Aller au contenu principal

Monique: ils ont construit une webradio façon… start-up !

  • Ils voulaient revivre le frisson qui les avait unis au temps des radios libres dans les années 80. Alors, ils ont lancé une webradio du week-end. L'occasion d'interroger Anne Marchand, l'une des grandes voix des ondes belges.  

2
minutes
de lecture

Monique: ils ont construit une webradio façon… start-up !

2 min. de lecture
mer 05/06/2019 - 11:00

Monique Radio émet du vendredi 16h au dimanche minuit sur son site Internet et son application iPhone. Anne marchand, sa cofondatrice revient sur les motivations et les moyens de cette ambition. 

Vous lancez une webradio ex nihilo. L'audience explose le premier jour. Et le prince charmant de Monique débarque en studio. Comment on explique ça ? 

Oui, je peux vous dire que, techniquement, c'était moins une, mais on l'a fait le 17 mai et la magie a opéré. Sans trop y croire, on avait lancé une invitation au Prince Laurent. Il est venu comme ça, à moto, nous soutenir. On ne pouvait pas rêver parrain mélomane plus glamour. Du coup, comme nous sommes libres, nous avons diffusé sa propre playlist. 

Donc, c'est vraiment ça l'ambition, faire revivre la radio libre, mais avec les outils d'aujourd'hui? 

Reconnaissons que la radio a perdu en créativité. Elle livre des programmes bien léchés, se prend au sérieux et a des comptes à rendre à ses actionnaires, ce qui la prive de cette liberté qui lui a permis d'émerger. C'est ça qui nous fait vibrer. Alors, comme nous avons tous des vies, nous démarrons l’aventure par le week-end. Avec le web et la technologie, c'est plus facile que dans les années 80, mais on a face à nous Spotify et tant d’autres. Je reste toutefois convaincue que c'est là qu'on a une carte à jouer : redonner du sens à la radio. 

Que tous ceux qui ont envie de créer un podcast ou une webradio se réjouissent, en somme ! 
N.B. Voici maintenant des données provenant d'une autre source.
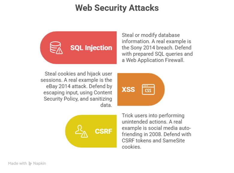 Three of the most dangerous web attack families are SQL Injection (SQLi), Cross-Site Scripting (XSS), and Cross-Site Request Forgery (CSRF). These attacks have devastated businesses, governments, and even small startups who thought “a website is just HTML.”

Oui, mais je préviens, cela représente beaucoup de travail, d'investissement, de temps, de brainstorming, de nuits blanches et d'argent. Nous avons la chance d'être soutenus par quelques amis bénévoles. On tient bon, on vise le long terme. 

Mais vous ne gagnez pas d'argent à ce stade, ce qui finalement n'est pas si éloigné d’une start-up qui lance une bonne idée... 

 Voilà, c’est une image qui me plait. On ne veut plus des écrans de publicité chargés. On offre la possibilité aux partenaires de sponsoriser tout un week-end. C'est original et valorisant. Quelque part, c'est une forme de content marketing adapté à la radio. On est en 2019. Les outils ont changé. Nous avons également lancé une boutique pour financer nos activités. On peut aussi faire un don. On pense au crowdfunding. Tout est sur la table. Agilité! 

Pour revenir au jeu des comparaisons avec les start-up, on dit souvent qu'elles ont l'art d'attirer les talents... parfois venus de grandes boîtes. Vous misez là-dessus? 

Clairement, nous sommes un noyau dur et complémentaire. Regardez Philippe Cantamessa, qui a fait revivre la magie de son émission Love, un an après avoir été écarté de l'antenne de Nostalgie, avec sa communauté qui est toujours aussi soudée. On cherche un développeur d'application, on cherche des mains fortes. On a tous des jobs à temps plein. On rêve, on expérimente, on crée. On aimerait émettre le reste de la semaine, mais il faut payer la SABAM. On cherche des locaux. Tout est à faire. Monique doit grandir, on improvise comme des parents. On a fait l’essentiel, on l’a mise au monde.